• Problem: Retype the opening lines of the data exactly, stopping after the line that contains "Gorzowskie Towarzystwo Muzyczne". Skip every picture.

Records for the task: Begin

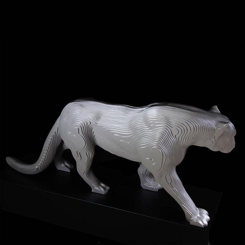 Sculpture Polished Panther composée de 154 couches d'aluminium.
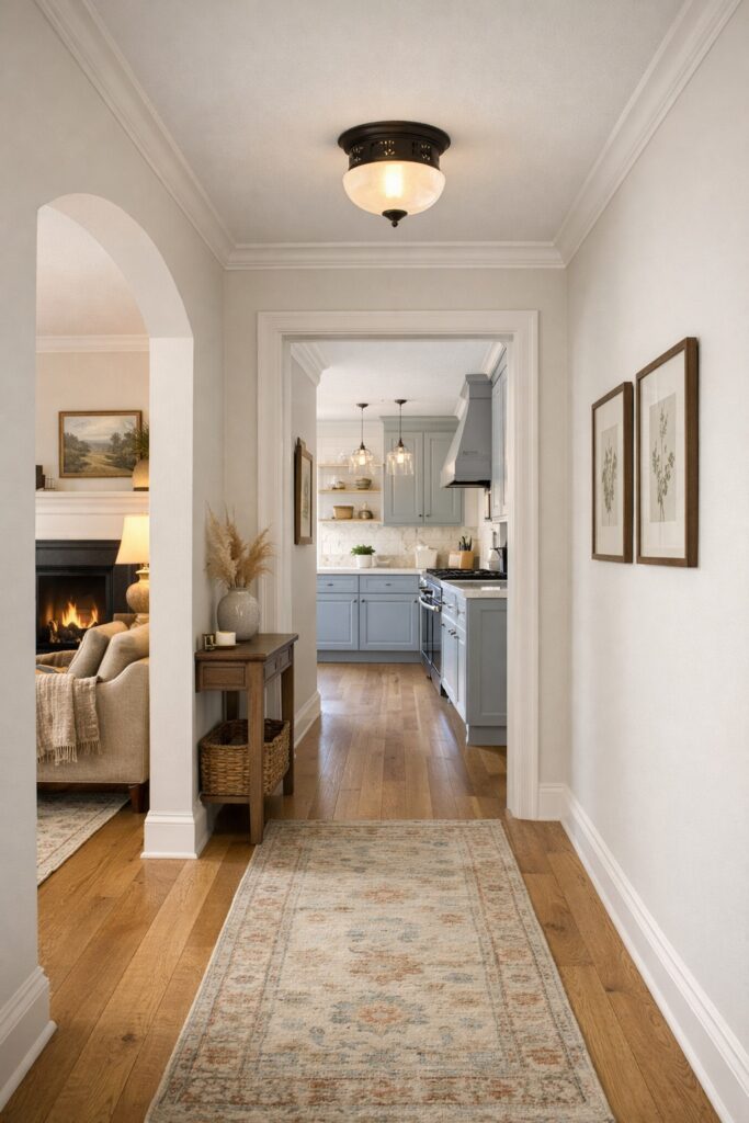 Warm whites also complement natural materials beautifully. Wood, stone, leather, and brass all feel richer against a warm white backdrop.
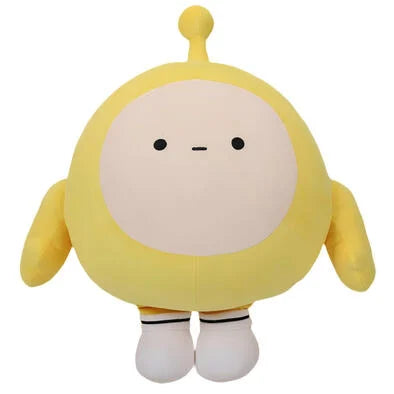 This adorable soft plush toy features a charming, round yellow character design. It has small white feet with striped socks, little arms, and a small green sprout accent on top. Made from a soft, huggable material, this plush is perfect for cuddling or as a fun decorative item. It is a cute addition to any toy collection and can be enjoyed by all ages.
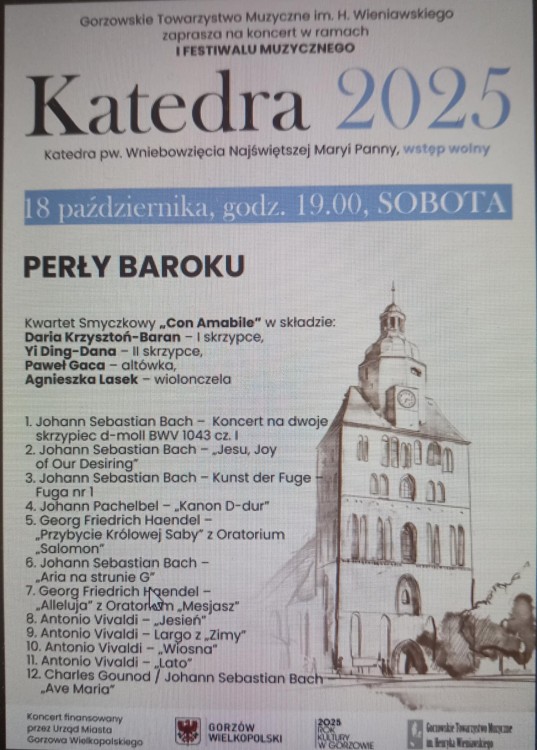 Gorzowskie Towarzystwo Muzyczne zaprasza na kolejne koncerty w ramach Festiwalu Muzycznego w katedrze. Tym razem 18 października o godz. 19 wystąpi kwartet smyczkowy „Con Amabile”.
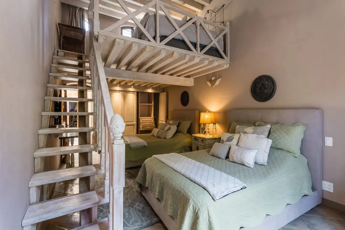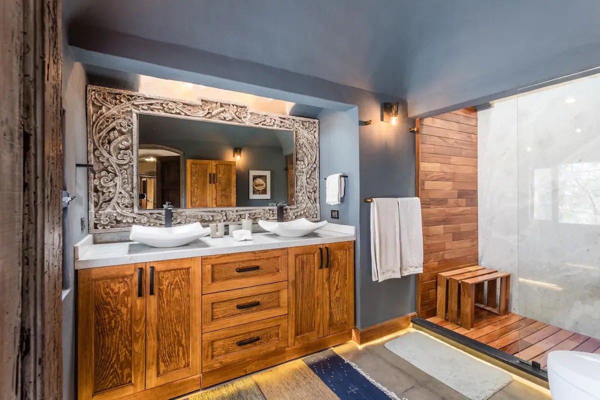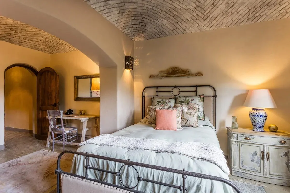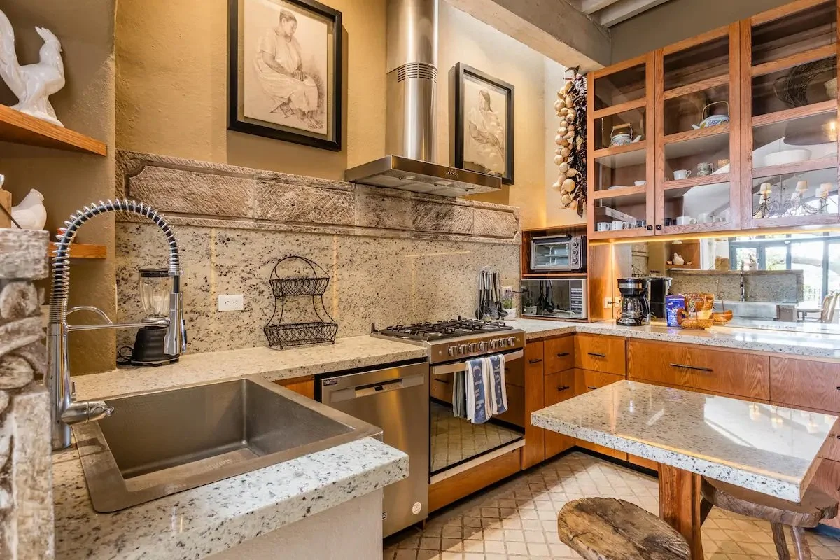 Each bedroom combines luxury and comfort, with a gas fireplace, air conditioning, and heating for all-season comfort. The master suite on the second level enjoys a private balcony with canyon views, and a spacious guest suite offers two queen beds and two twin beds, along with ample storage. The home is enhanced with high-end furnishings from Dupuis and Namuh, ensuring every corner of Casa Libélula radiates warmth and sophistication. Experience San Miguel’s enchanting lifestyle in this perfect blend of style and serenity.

Records for the task: End

• Written solution:
 Sculpture Polished Panther composée de 154 couches d'aluminium.
 Warm whites also complement natural materials beautifully. Wood, stone, leather, and brass all feel richer against a warm white backdrop.
 This adorable soft plush toy features a charming, round yellow character design. It has small white feet with striped socks, little arms, and a small green sprout accent on top. Made from a soft, huggable material, this plush is perfect for cuddling or as a fun decorative item. It is a cute addition to any toy collection and can be enjoyed by all ages.
 Gorzowskie Towarzystwo Muzyczne zaprasza na kolejne koncerty w ramach Festiwalu Muzycznego w katedrze. Tym razem 18 października o godz. 19 wystąpi kwartet smyczkowy „Con Amabile”.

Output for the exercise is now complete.